Is this a contingency, such as that which can occur in an analysis? The white canvas, both continuity and discontinuity, transfers from one space to another with the surprise of chance: an incident that moves from a continuous space to an enigmatic question. The inspiration emerging from the white creates something new where we thought we would find the same. We find something other than what we were looking for. It remains to be seized.

Isn’t this the same with transference? Transference in all its states is also continuity and discontinuity. Continuity: it puts the unconscious into action.2 Discontinuity: it proceeds from the instance that remains inaccessible3, from the “real that is a hole.”4 As the image suggests, the transference is also an “intermediate region”5 through which serial passages and crossings take place. But where do they come from? Perhaps, as in this work: on a white, blank screen, an empty surface, on which nothing is yet inscribed, beyond the known, the already seen, which transfers all elsewhere from there, where we were.

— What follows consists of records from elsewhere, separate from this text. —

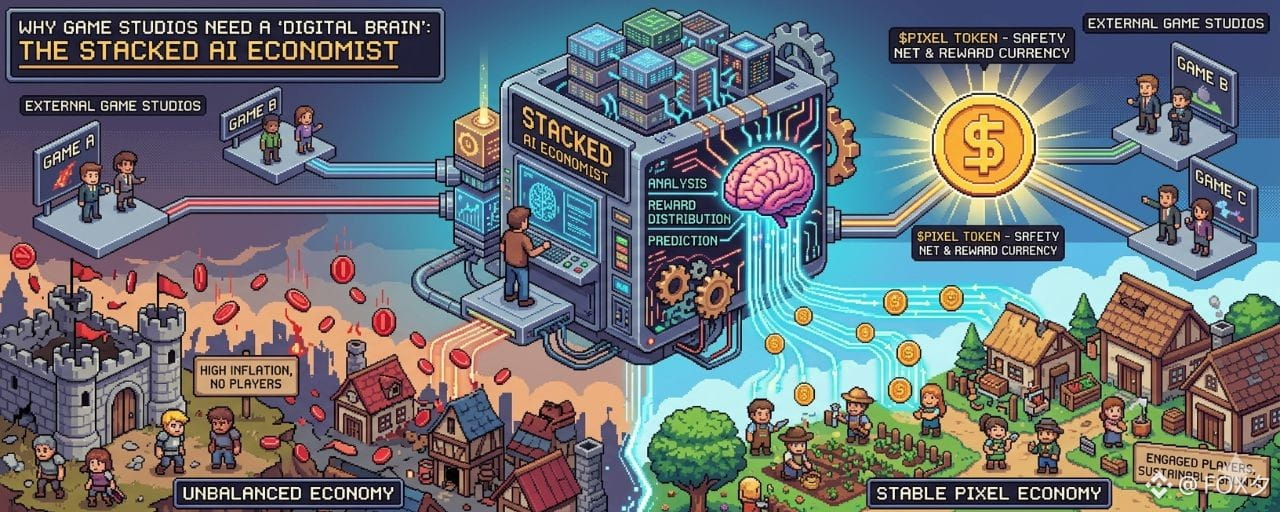 This is one of the hardest problems in Web3 gaming. That’s exactly why the @Pixels team built Stacked with an AI Game Economist inside it. This AI isn’t just for show, it acts like the brain that decides when and who should get rewards so the economy stays balanced.
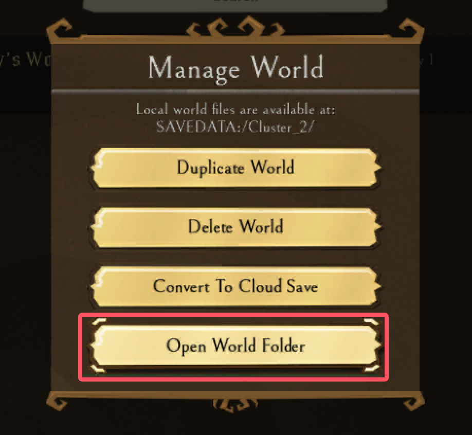 再点击打开世界文件夹。
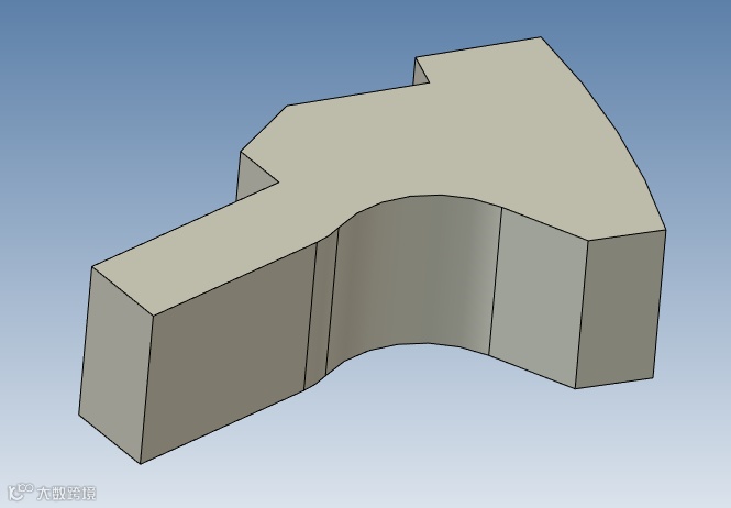 28、圆角过渡的起点处过渡半径为2mm,终点处过渡半径为8mm,完成圆角过渡后的零件如图。
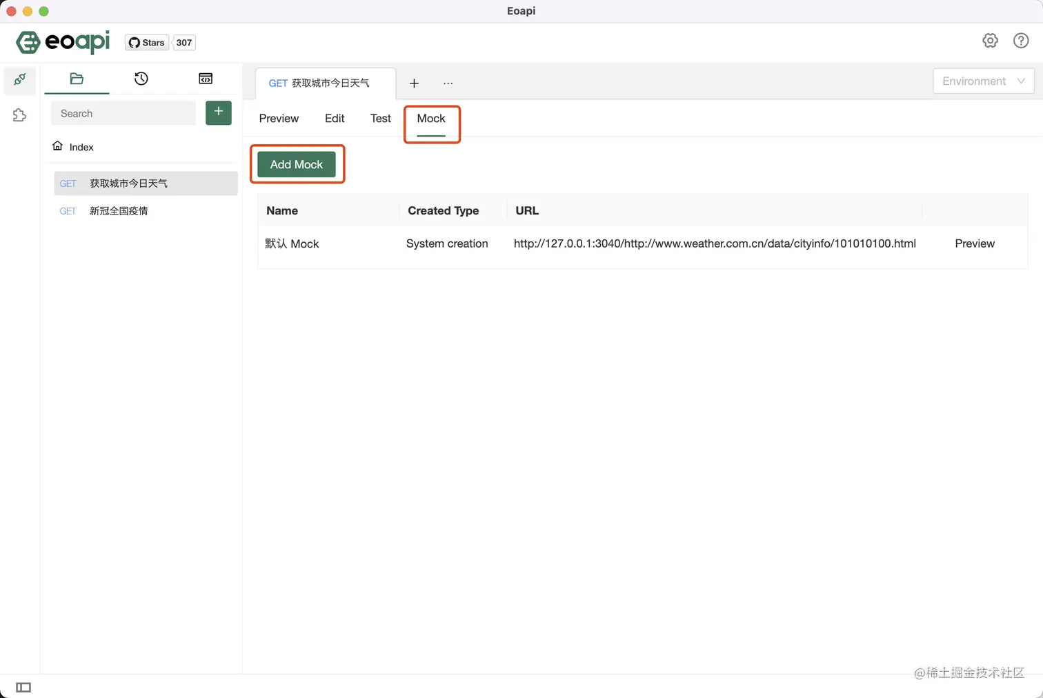 进入API文档详情页面,点击 Mock 标签,点击新建 Mock:
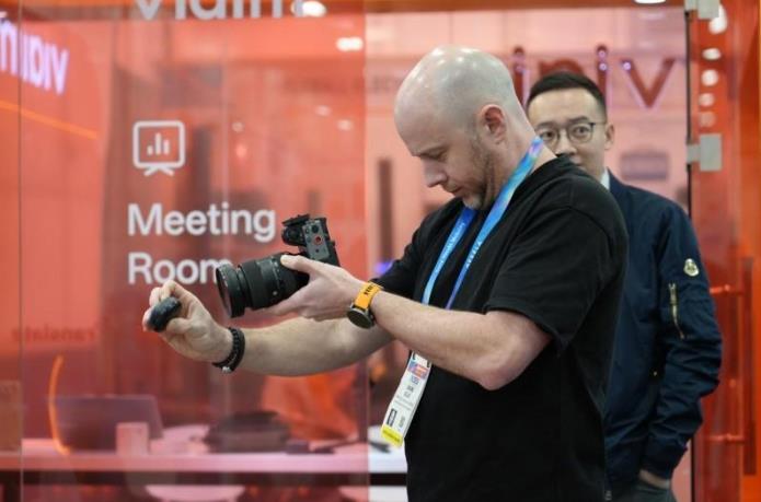 在黑、白、橙三色交织的viaim展台,讯飞AI会议耳机Pro3与Air2两款产品正吸引着大量观众驻足体验,他们佩戴着耳机,亲身体验着AI如何将语音实时转化为结构化的文字、跨语言的知识与可执行的待办事项。
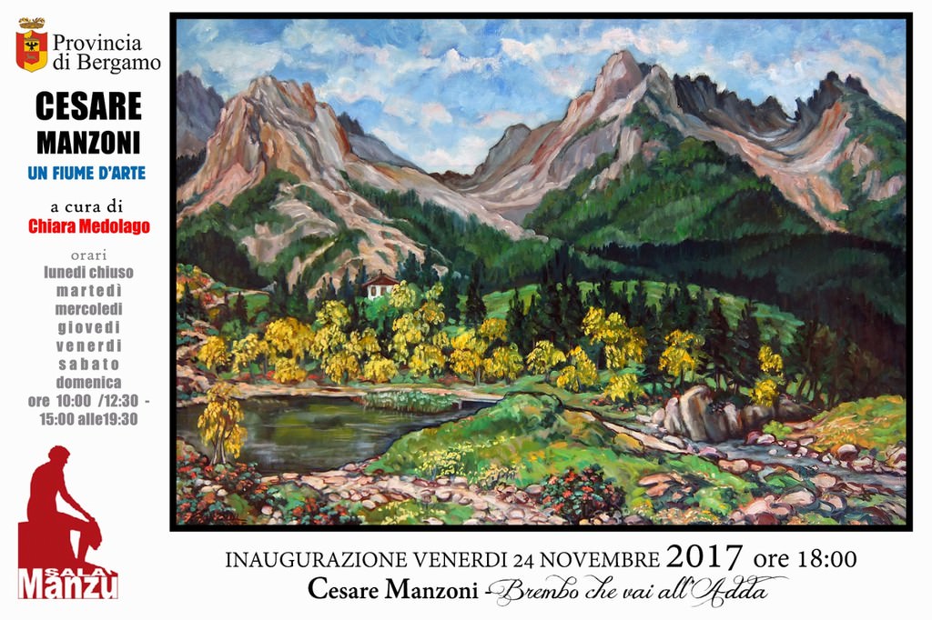 L’associazione “Un fiume d’arte” di Ponte San Pietro presenta nella Sala Manzù del palazzo della Provincia di Bergamo la mostra dell’artista Cesare Manzoni. Circa una settantina di opere dipinte ad olio sono dedicate al fiume Brembo che conferisce il nome alla valle Brembana e scorre dal Pizzo Diavolo di Tenda, nei pressi di Carona, fino al paese di san Pellegrino Terme.

Translated by Joanne Conway

  1. Laziz Hamani, Continuity 2008, series Route of an unfinished canvas in: In-Finitum, Palazzo Fortuny, Venise, 2009 ; forthcoming work of Laziz Hamani.
  2. Lacan, J., Seminar XI,  The Four Fundamental Concepts of Psychoanalysis, Norton, New York/London, 1998, p.146.
  3. Freud, Construction in Analysis,The Standard Edition of the Complete Psychological Works of Sigmund Freud, Vol. XXIII, Hogarth Press, London, 1964, p. 260.
  4. Lacan, J., RSI, 15 avril 1975, Ornicar ?, 5, 1975/76, p. 50.
  5. Freud, S., “Remembering, Repeating and Working Through”, The Complete Psychological Work of Sigmund Freud, Vol. XII, Hogarth Press, London, 1914, p.154.